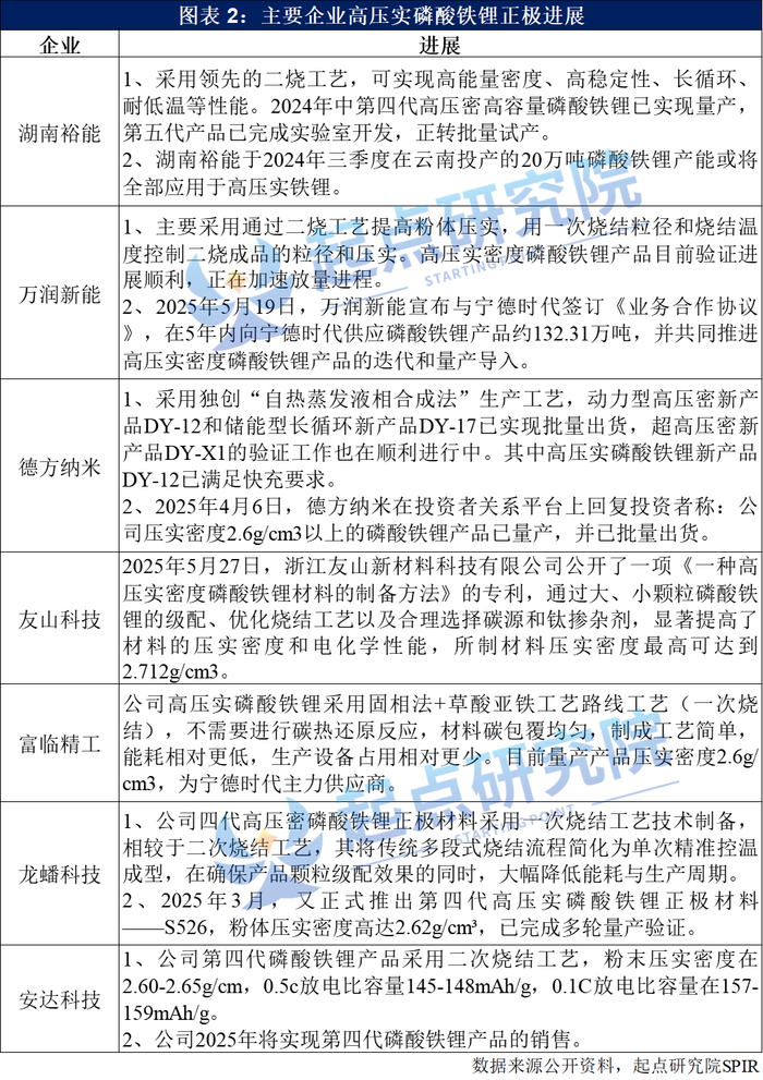 为提高锂电池能量密度、快充性能、安全性能等,磷酸铁锂正极往高压实方向迭代升级路线明确。目前磷酸铁锂已经发展至第四代产品。首代产品粉末压实密度维持在约2.30g/cm³,极片压实密度达到2.45g/cm³;二代产品粉末压实密度提升至2.40g/cm³,极片压实密度提升至2.55g/cm³;三代产品两项指标继续提升,粉末压实密度达到约2.50g/cm³,极片压实密度约2.65g/cm³左右。四代产品,当前市场公认的主流高压实磷酸铁锂,粉末压实密度进一步增至约2.60g/cm³,同时极片压实密度也达到2.75g/cm³左右。
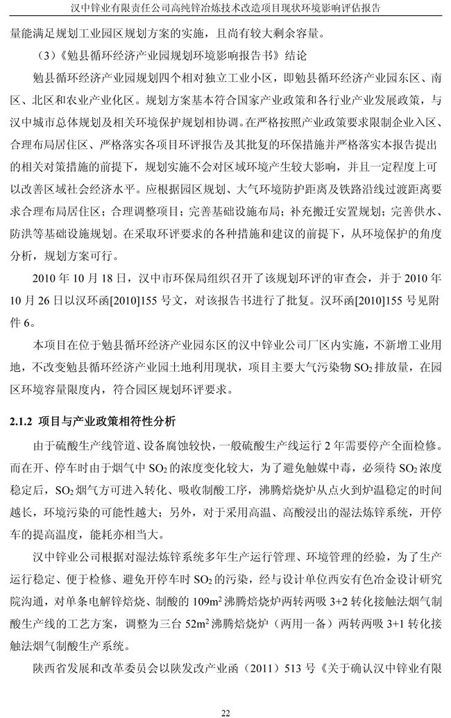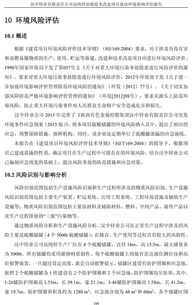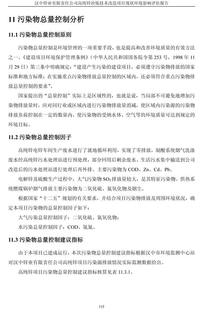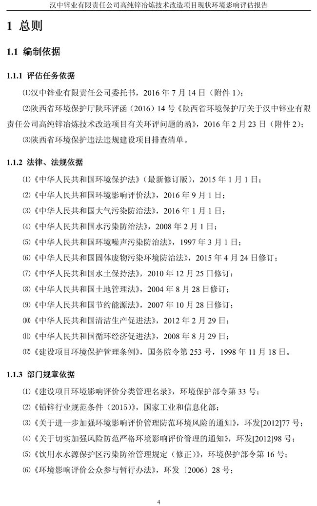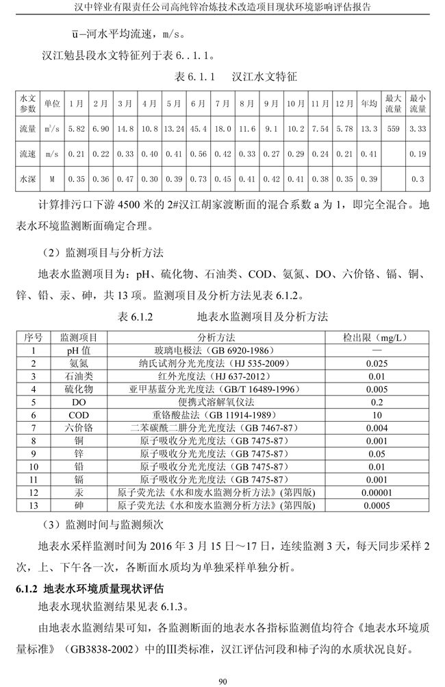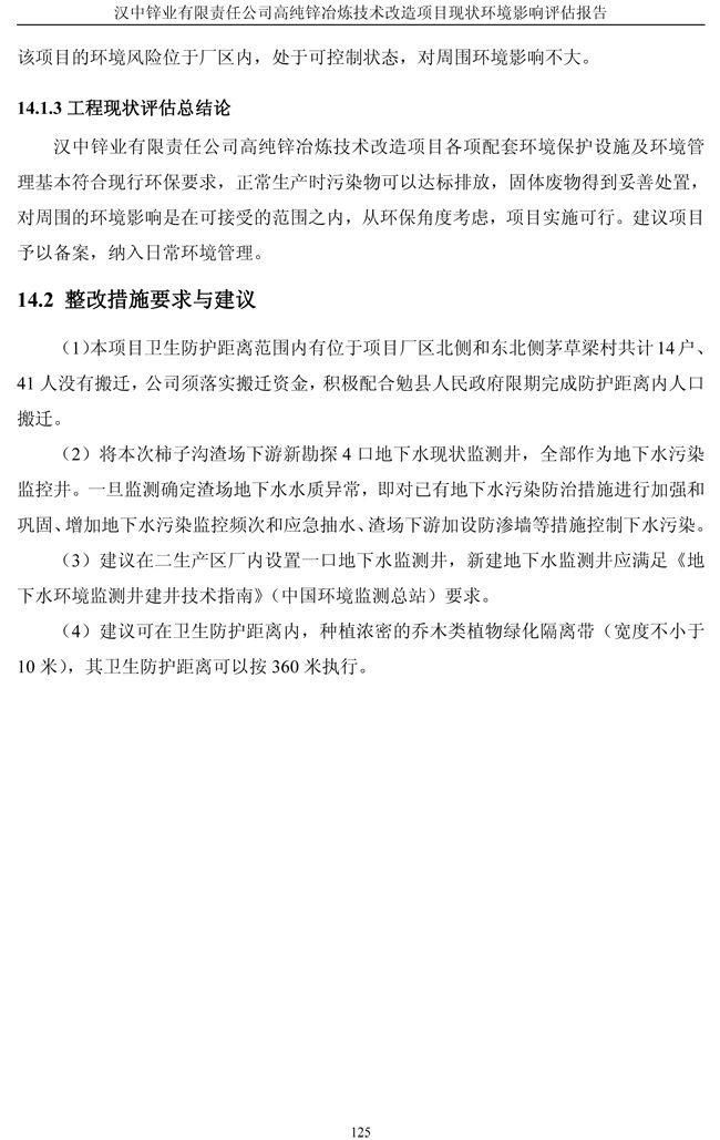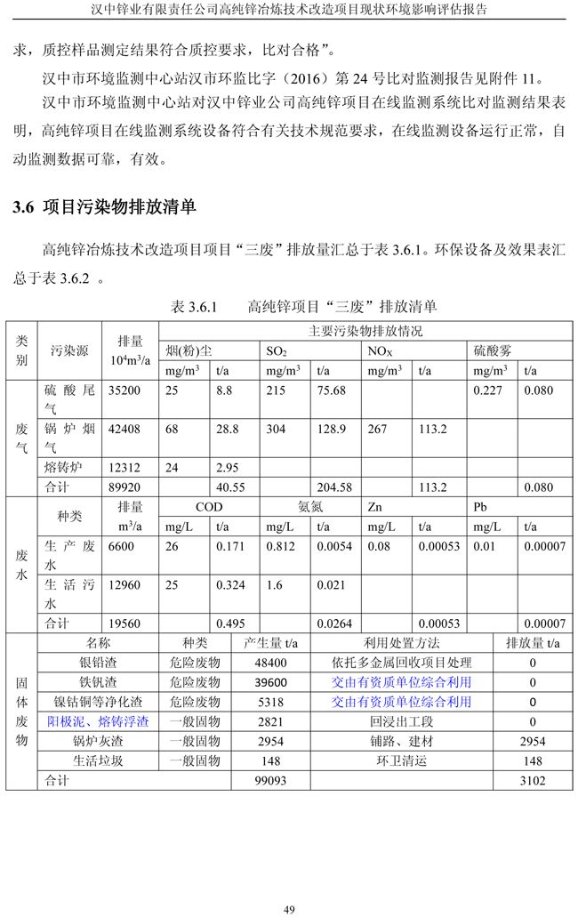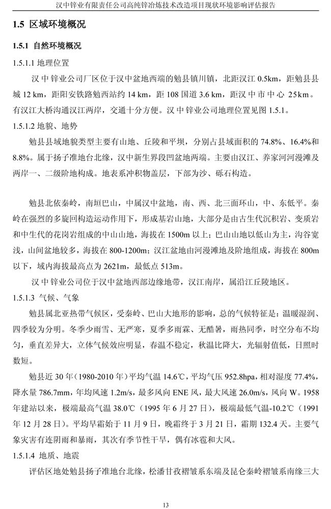 漢中鋅業(yè)公司高純鋅項(xiàng)目現(xiàn)狀環(huán)境影響評(píng)估報(bào)告
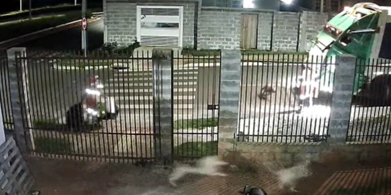 A situação ocorreu às 21h07. Nas imagens, é possível ver o momento em que o caminhão de coleta de resíduos para na via e os coletores descem do veículo para realizar o trabalho. Após alguns segundos, eles são surpreendidos pela chegada do animal, que avança em direção a um dos trabalhadores.
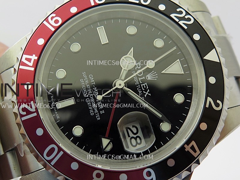 Asian Super Clone 3186 Automatic Movement at 28800 vph, Correct Handstack, self-winding, independent adjustable hour hand to set the date, same adjusting as genuine
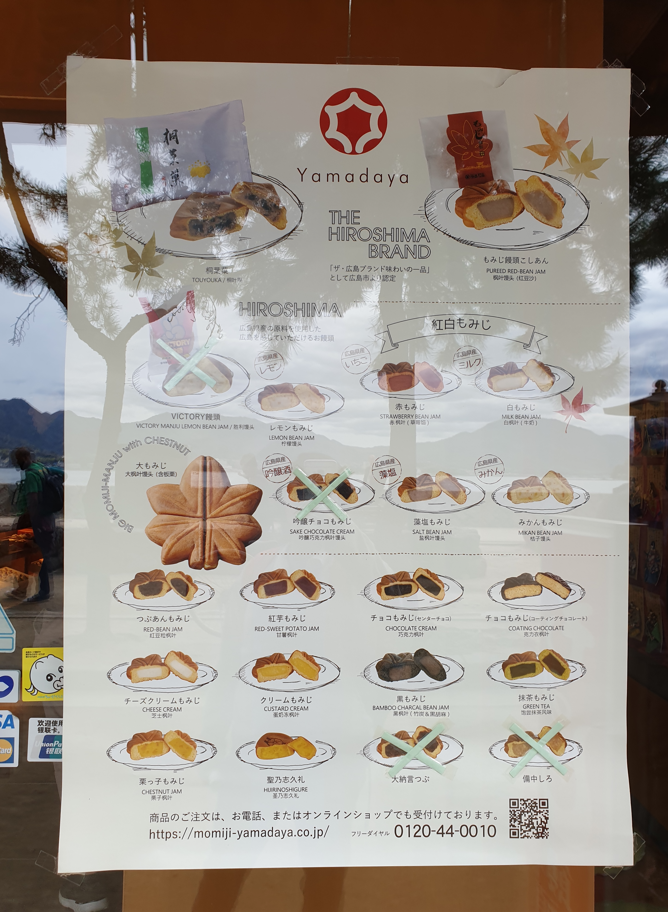 There was even a bakery called Yamadaya selling the local specialty momiji-manju, which is a buckwheat and rice cake shaped like a Japanese maple leaf, and is unique to the island!This bakery itself had so many different flavours!
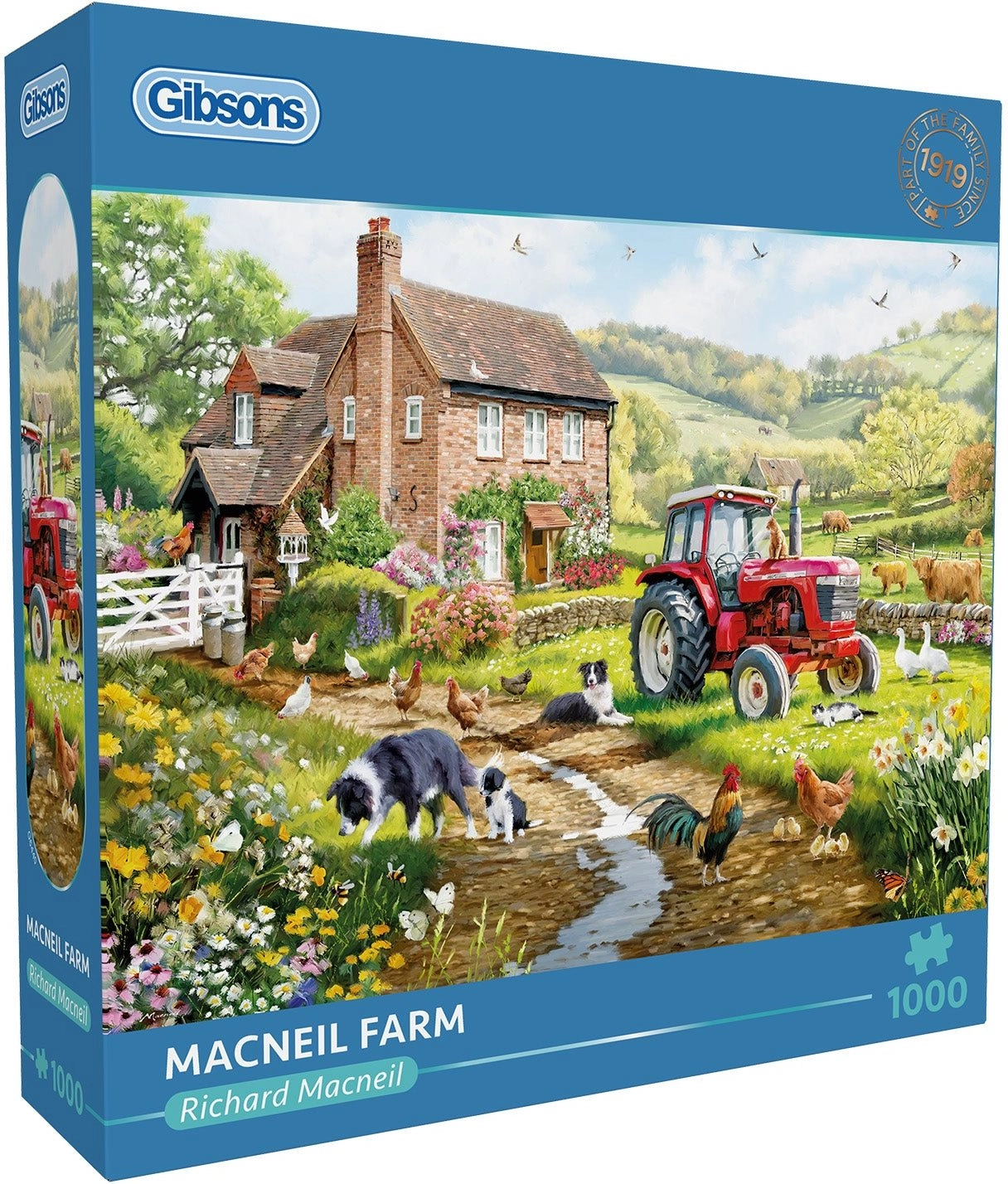Uživajte u opuštanju i zabavi uz kvalitetnu slagalicu brenda GIBSONS. Ilustracija „Macneilova farma“ nudi 1000 dijelova prepunih detalja i boja, što će razveseliti ljubitelje seoskih motiva. Nakon slaganja, slagalica ima dimenzije cca 68 × 49 cm, idealno za uokvirivanje ili izlaganje.

■ ■ ■

Description of the task:
Leave every picture out and copy precisely the lines from the one containing "A situação ocorreu" through the last line of the data above, both ends included.

Written reply:
 A situação ocorreu às 21h07. Nas imagens, é possível ver o momento em que o caminhão de coleta de resíduos para na via e os coletores descem do veículo para realizar o trabalho. Após alguns segundos, eles são surpreendidos pela chegada do animal, que avança em direção a um dos trabalhadores.
 Asian Super Clone 3186 Automatic Movement at 28800 vph, Correct Handstack, self-winding, independent adjustable hour hand to set the date, same adjusting as genuine
 There was even a bakery called Yamadaya selling the local specialty momiji-manju, which is a buckwheat and rice cake shaped like a Japanese maple leaf, and is unique to the island!This bakery itself had so many different flavours!
Uživajte u opuštanju i zabavi uz kvalitetnu slagalicu brenda GIBSONS. Ilustracija „Macneilova farma“ nudi 1000 dijelova prepunih detalja i boja, što će razveseliti ljubitelje seoskih motiva. Nakon slaganja, slagalica ima dimenzije cca 68 × 49 cm, idealno za uokvirivanje ili izlaganje.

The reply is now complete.